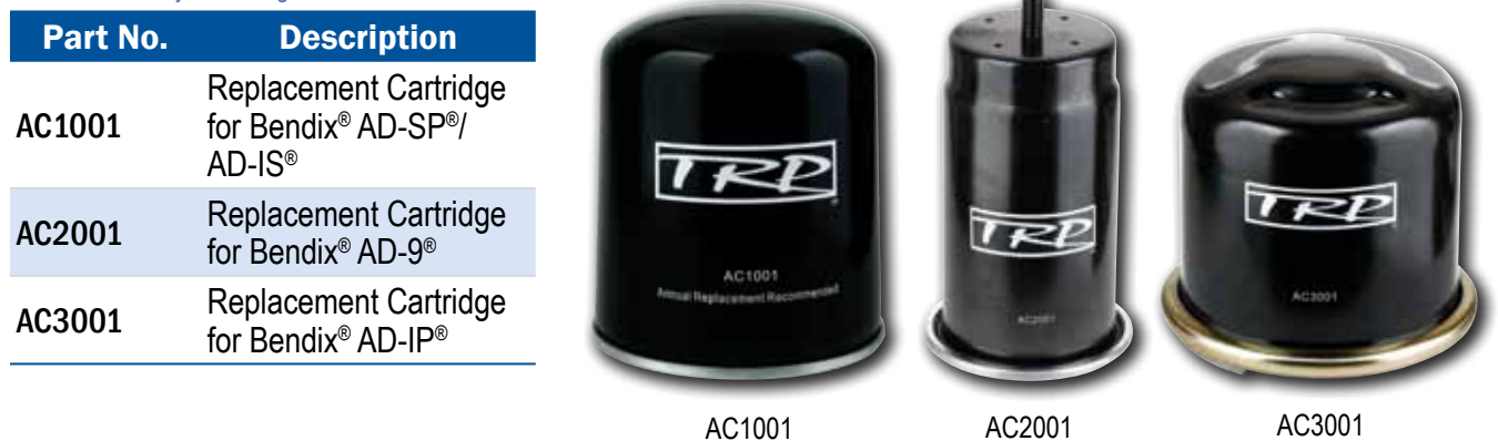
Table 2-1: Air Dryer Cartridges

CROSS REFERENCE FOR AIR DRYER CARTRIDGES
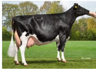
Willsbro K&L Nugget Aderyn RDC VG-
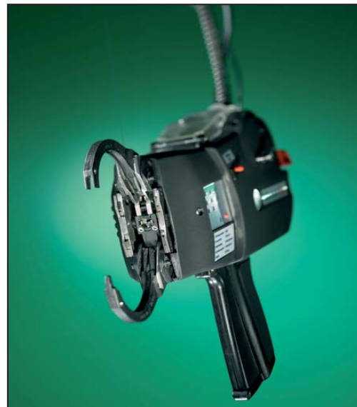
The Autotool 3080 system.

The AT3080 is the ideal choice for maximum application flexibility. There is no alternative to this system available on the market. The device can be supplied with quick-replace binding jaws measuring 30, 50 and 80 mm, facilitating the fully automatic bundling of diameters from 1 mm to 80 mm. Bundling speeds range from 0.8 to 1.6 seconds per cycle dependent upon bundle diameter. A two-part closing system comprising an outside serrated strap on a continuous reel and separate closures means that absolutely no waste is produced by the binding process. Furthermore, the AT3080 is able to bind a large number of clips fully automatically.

|---|

● WORK ITEM: Within the material above, find the lines that contain the word "system"; copy them.

● SOLUTION TO THE PROBLEM:
The Autotool 3080 system.
The AT3080 is the ideal choice for maximum application flexibility. There is no alternative to this system available on the market. The device can be supplied with quick-replace binding jaws measuring 30, 50 and 80 mm, facilitating the fully automatic bundling of diameters from 1 mm to 80 mm. Bundling speeds range from 0.8 to 1.6 seconds per cycle dependent upon bundle diameter. A two-part closing system comprising an outside serrated strap on a continuous reel and separate closures means that absolutely no waste is produced by the binding process. Furthermore, the AT3080 is able to bind a large number of clips fully automatically.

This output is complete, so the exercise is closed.